The long-awaited settlement between 49 state Attorneys General and the big five robo-signing banks is proving to be a major disappointment before it has even been signed, sealed and court approved.  Critics maintain that the bankers responsible for the housing crisis and the jobs crisis will again be buying their way out of jail, and the curtain will again drop on the scene of the crime.  

We may not be able to beat the banks, but we don't have to play their game.  We can take our marbles and go home.  The Move Your Money campaign has already prompted more than 600,000 consumers to move their funds out of Wall Street banks into local banks, and there are much larger pools that could be pulled out in the form of state revenues.  States generally deposit their revenues and invest their capital with large Wall Street banks, which use those hefty sums to speculate, invest abroad, and buy up the local banks that service our communities and local economies.  The states receive a modest interest, and Wall Street lends the money back at much higher interest.

Rhode Island is a case in point.  In an article titled "Where Are R.I. Revenues Being Invested? Not Locally," Kyle Hence wrote in ecoRI News on January 26th:

According to a December Treasury report, only 10 percent of Rhode Island's short-term investments reside in truly local in-state banks, namely Washington Trust and BankRI. Meanwhile, 40 percent of these investments were placed with foreign-owned banks, including a British-government owned bank under investigation   by the European Union.

Further, millions have been invested by Rhode Island in a fund created by a global buyout firm . . . . From 2008 to mid-2010, the fund lost 10 percent of its value -- more than $2 million. . . . Three of four of Rhode Island's representatives in Washington, D.C., count [this fund] amongst their top 25 political campaign donors . . . .

Hence asks:

Are Rhode Islanders and the state economy being served well here? Is it not time for the state to more fully invest directly in Rhode Island, either through local banks more deeply rooted in the community or through the creation of a new state-owned bank?
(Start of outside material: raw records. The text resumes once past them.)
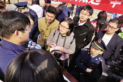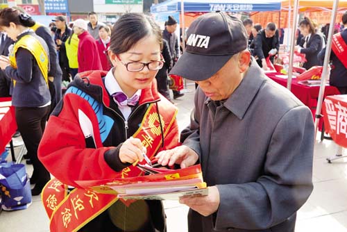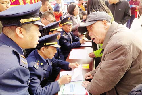 3月15日,忻州城區(qū)體育廣場上以“網(wǎng)絡誠信消費無憂”為主題的3·15國際消費者權益日宣傳活動火熱進行?;顒蝇F(xiàn)場,各部門和企業(yè)通過發(fā)放宣傳資料、設立咨詢臺、現(xiàn)場受理群眾投訴舉報、提供服務等方式,宣傳《消費者權益保護法》、《反不正當競爭法》、《無照經(jīng)營查處辦法》等法律法規(guī)以及食品藥品安全、識假辨假等各類知識,吸引了眾多群眾積極參與。受理投訴臺前,陸續(xù)有消費者前來投訴,且有不少年輕人,所反映的問題既有涉及家具、汽車等金額較大的線下消費活動,也有通過電商平臺進行的線上交易。市工商局、消費者協(xié)會的工作人員將消費者投訴的問題一一記錄在冊,并表示會盡快調查處理。本版圖片攝影 魯明強 王 菲
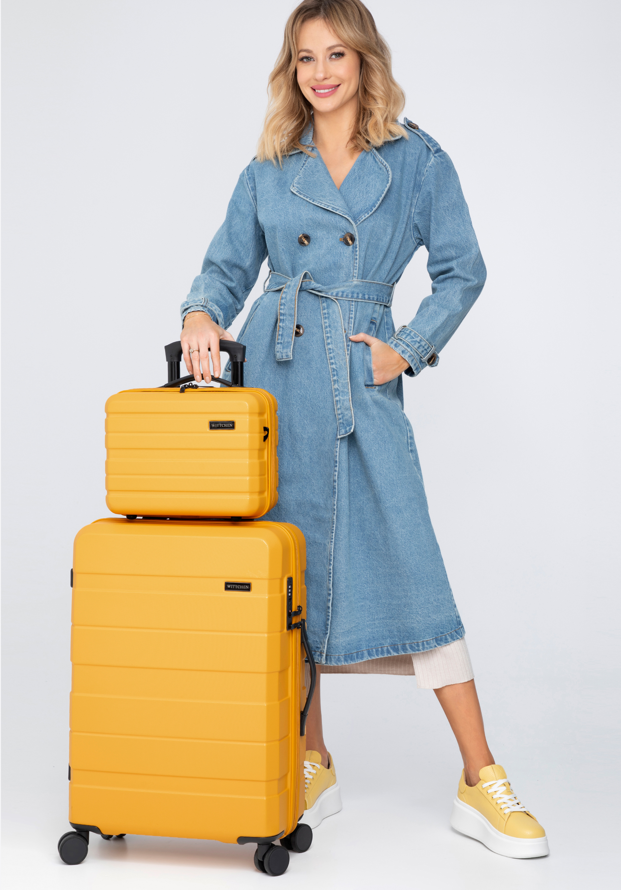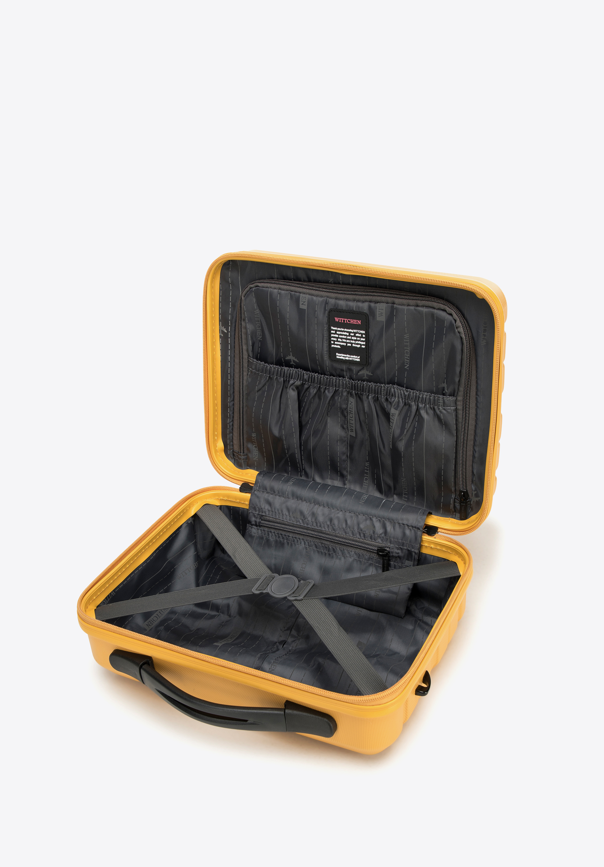 Cestovní žlutá kosmetická taška z ABS s vodorovnými pruhy
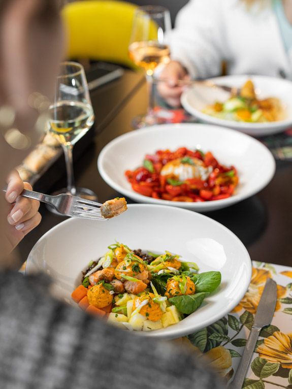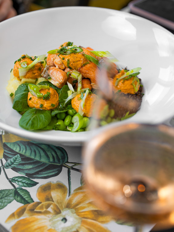 Στη συνέχεια, στο τραπέζι μας ήρθαν δύο ανατρεπτικά πιάτα, που κατάφεραν για ακόμη μία φορά να συναρπάσουν τους γευστικούς μας «κάλυκες». Πρόκειται για το Salmon Bowl, με ψητό σολομό που συνοδεύεται με γλυκοπατάτα, φακές Beluga, φασολάκια Edamame, ανανά και σάλτσα Harissa, καθώς και τα χειροποίητα μπιφτέκια γαλοπούλας με δροσερή σαλάτα από καλοκαιρινά λαχανικά.
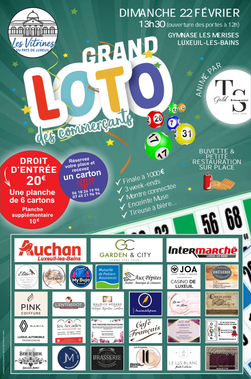 L'association des commarçants, Les Vitrines du Pays de Luxeuil, organise un grand loto dimanche 22 février à 13h30 au gymnase des Merises. Réservez votre place et recevez un carton offert : 06 18 26 19 96 ou 07 45 21 96 94. Plus d'infos, cliquez ici
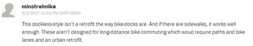 網(wǎng)友minstrelmike:“無樁式共享單車不適合遠(yuǎn)距離的騎行者,解決這個問題還得靠自行車道的規(guī)劃和城市的改造。”
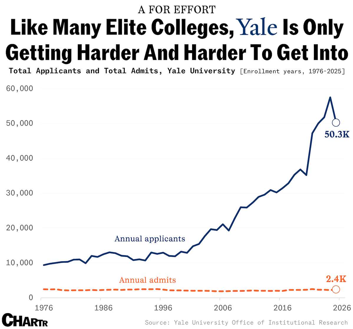 Though the total number of applicants dropped by more than 7,000 last year, as international applications plummeted 26% from the year before, it was still the third-biggest pool of hopefuls that the 325-year-old university had ever seen. Indeed, if you were gifted (and/or fortunate) enough to get in ahead of the 2025-26 academic year, you were part of a considerably more exclusive cohort than those who applied 30 years earlier — with roughly 1 in 20 applicants admitted in 2025, compared to one in five in 1995, per admissions data. While the aforementioned international student applicant slump, and the slew of data that suggests the decline isn't just hitting the most prestigious of America's universities, will displease deans across the country, it might come as some small relief to aspiring Yalies — particularly those whose parents earned $199,999 last year. |
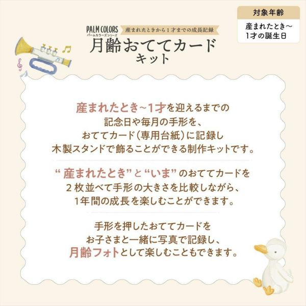 ●産まれたとき~1才を迎えるまでの記念日や毎月の手形を、おててカード(専用台紙)に記録し、木製スタンドで飾ることができる制作キットです。
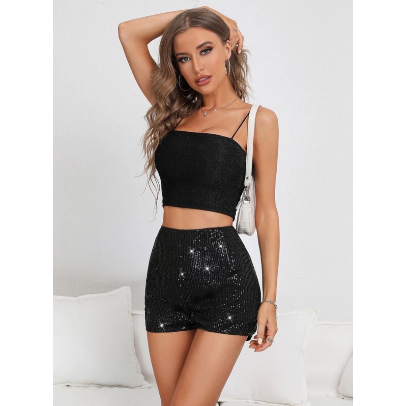 Product Item: Short de paete hot sale preto cintura alta

Hence observes that state-owned banks are "[o]ne emerging solution being widely considered nationwide  . . . . Since the onset of the economic collapse about five years ago, 16 states have studied or explored creating state-owned banks, according to a recent Associated Press report."

2012 Additions to the Public Bank Movement

Make that 17 states, including three joining the list of states introducing state bank bills in 2012: Idaho   (a bill for a feasibility study), New Hampshire   (a bill for a bank), and Vermont (introducing THREE bills--one for a s tate bank study, one for a state currency, and one for a state voucher/warrant system).   With North Dakota, which has had its own bank for nearly a century, that makes 18 states that have introduced bills in one form or another--36% of U.S. states.  For states and text of bills, see here.
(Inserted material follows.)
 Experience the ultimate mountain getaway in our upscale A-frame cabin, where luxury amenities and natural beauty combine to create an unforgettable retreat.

Other recent state bank developments were in Virginia, Hawaii, Washington State, and California, all of which have upgraded from bills to study the feasibility of a state-owned bank to bills to actually establish a bank.  The most recent, California's new bill, was introduced on Friday, February 24th.

All of these bills point to the Bank of North Dakota as their model.  Kyle Hence notes that North Dakota has maintained a thriving economy throughout the current recession:

One of the reasons, some say, is the   Bank of North Dakota , which was formed in 1919 and is the only state-owned or public bank in the United States. All state revenues flow into the Bank of North Dakota and back out into the state in the form of loans.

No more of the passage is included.